- **Extracted information**
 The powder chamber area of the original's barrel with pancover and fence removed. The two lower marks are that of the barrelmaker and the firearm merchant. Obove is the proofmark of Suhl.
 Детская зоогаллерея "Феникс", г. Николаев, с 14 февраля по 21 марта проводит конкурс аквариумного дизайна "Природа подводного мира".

--

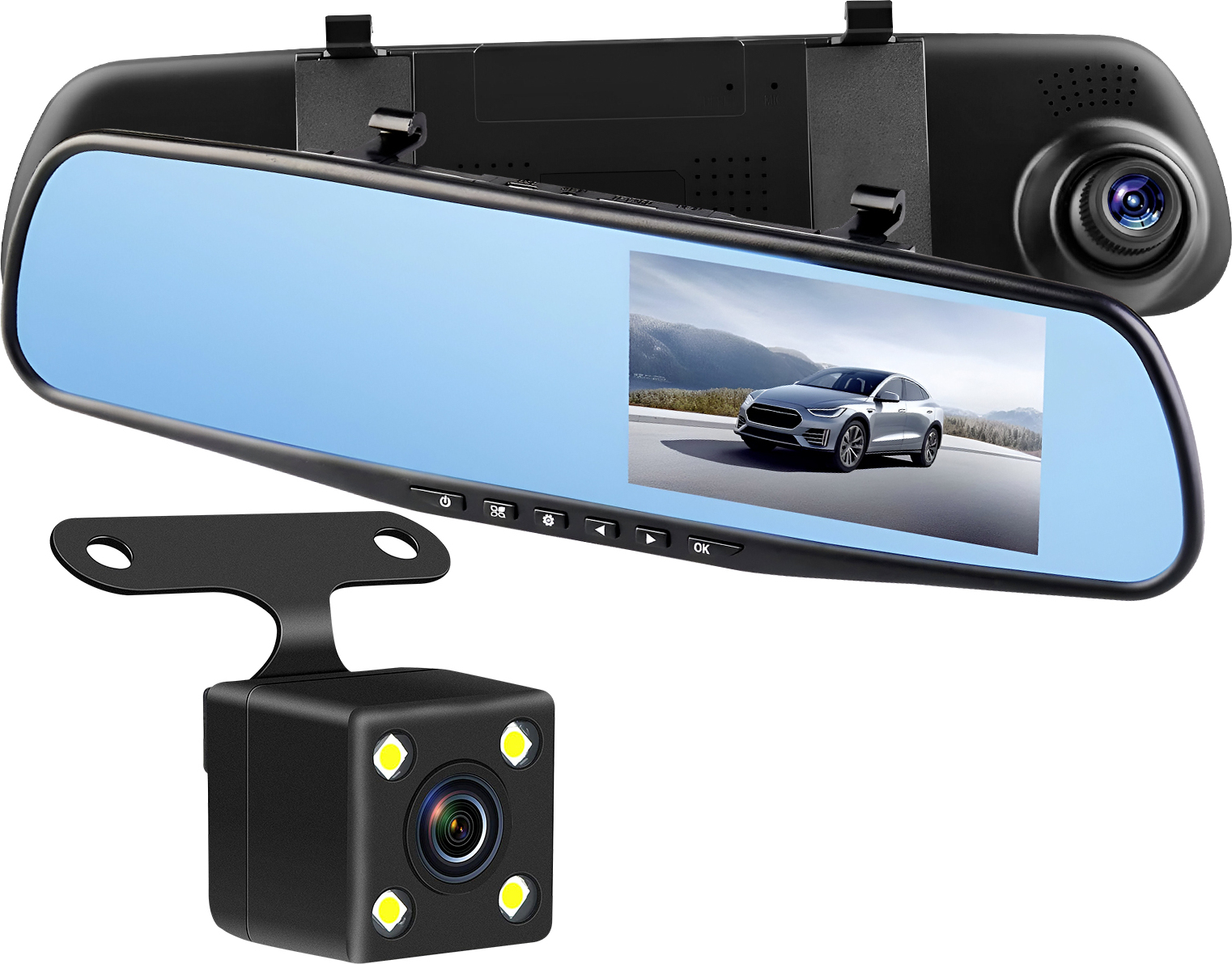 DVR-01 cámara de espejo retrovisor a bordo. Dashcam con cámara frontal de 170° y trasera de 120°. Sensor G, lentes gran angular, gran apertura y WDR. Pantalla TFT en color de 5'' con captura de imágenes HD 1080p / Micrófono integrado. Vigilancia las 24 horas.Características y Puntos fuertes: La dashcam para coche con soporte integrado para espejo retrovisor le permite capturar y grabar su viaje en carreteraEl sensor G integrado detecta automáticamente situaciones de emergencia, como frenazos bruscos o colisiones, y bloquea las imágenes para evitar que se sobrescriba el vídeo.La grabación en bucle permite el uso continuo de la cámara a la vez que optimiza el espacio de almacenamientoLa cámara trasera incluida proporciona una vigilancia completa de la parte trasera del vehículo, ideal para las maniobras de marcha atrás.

- **Directions for this task**
Taking the lines above, repeat exactly those from the line that contains "The powder chamber" through the line that contains "г. Николаев, с", and both of those lines as well. Include nothing else.

- **Expected answer**
 The powder chamber area of the original's barrel with pancover and fence removed. The two lower marks are that of the barrelmaker and the firearm merchant. Obove is the proofmark of Suhl.
 Детская зоогаллерея "Феникс", г. Николаев, с 14 февраля по 21 марта проводит конкурс аквариумного дизайна "Природа подводного мира".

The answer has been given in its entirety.